34. De nombreux Etats ont souligné la nécessité de poursuivre les recherches dans les domaines suivants: i) interactions avec d'autres espèces faisant l'objet de captures accessoires; ii) voies de migration et zones d'interaction élevée entre les pêches et les tortues de mer; et iii) mortalité des tortues due aux activités de pêche et à d'autres activités. Plusieurs Etats ont également demandé le renforcement de l'information et de la formation, notamment pour les pêches artisanales.

35. Plusieurs suggestions relatives à une modification de la structure des propositions ont été formulées et un groupe de rédaction restreint composé de la Chine, des Etats-Unis, du Japon et de la Thaïlande a été constitué et invité à poursuivre l'élaboration des propositions avant de présenter le rapport en plénière.
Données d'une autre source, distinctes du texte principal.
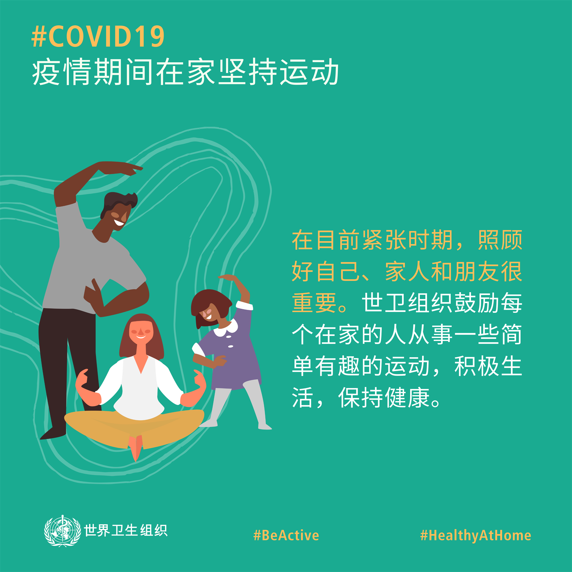 但是,在这种时候,对于各年龄段不同能力的人来说,尽可能坚持活动非常重要。世卫组织的“坚持活动”运动旨在帮助你做到这一点,同时获得一些乐趣。
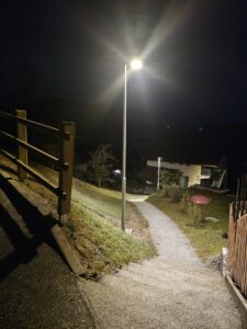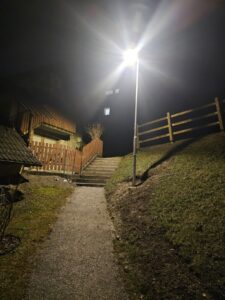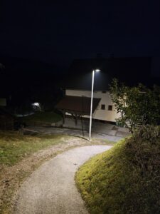 Tretja svetilka je bila postavljena v spodnjem delu Ljubnega pri domu Športnega društva Ljubno, na naslovu Ljubno 114. S tem smo dodatno poskrbeli za varnost obiskovalcev športnih prireditev, treningov in drugih dogodkov, ki potekajo na tem območju.

36. La Consultation a examiné le projet de «Directives visant à réduire la mortalité des tortues de mer due aux opérations de pêche» élaboré par le groupe de rédaction. Ce projet résultait de la combinaison des deux propositions antérieures et reposait sur les modifications proposées en plénière. Il tenait compte également des observations et des préoccupations formulées par les délégations. La Consultation a estimé que les directives devraient également s’appliquer à la capture directe des tortues de mer.

37. A l'issue de son débat, la Consultation est convenue que les «Directives visant à réduire la mortalité des tortues de mer due aux opérations de pêche» (voir Annexe E) seraient incluses dans le rapport et a recommandé qu'elles servent à l'élaboration des directives techniques de la FAO.

Conservation des tortues de mer: aide aux Etats Membres en développement

38. De nombreuses observations et des suggestions utiles à ce sujet ont été formulées lors de débats antérieurs et la Consultation est convenue qu'il faudrait en tenir compte lors de l'élaboration des directives et les inclure également dans des recommandations distinctes de la Consultation.

39. Pour résumer, la Consultation a fait observer qu'il ne suffirait pas d'élaborer des directives. La modification des engins et des pratiques de pêche serait extrêmement difficile sans un appui technique et financier supplémentaire. Il faudrait, en outre, tenir compte, de la différence du niveau de développement des différents pays, et les pays donateurs devraient fournir un soutien.

40. Une assistance en matière de formation et de sensibilisation a été jugée indispensable. L'assistance fournie actuellement par certains donateurs en matière de recherche et de projets d'atténuation a été évoquée. Un fonds spécial alimenté par les donateurs pour appuyer ces activités a été envisagé. Le Japon a fait part de son appui volontaire, apporté par l’intermédiaire du Centre de développement des pêches de l'Asie du Sud-Est (SEAFDEC) et de la Commission interaméricaine du thon tropical (CITT). Les Etats-Unis ont informé la Consultation des travaux de nature technique menés grâce à des entités bilatérales et multilatérales comme la CITT concernant le remplacement des hameçons circulaires, la formation en collaboration et la recherche.

41. En matière d'assistance financière, les priorités devraient être fixées en fonction des zones et des espèces, comme décrit dans le rapport de la Consultation d'experts sur les interactions entre les tortues de mer et les pêches dans le contexte de l'écosystème.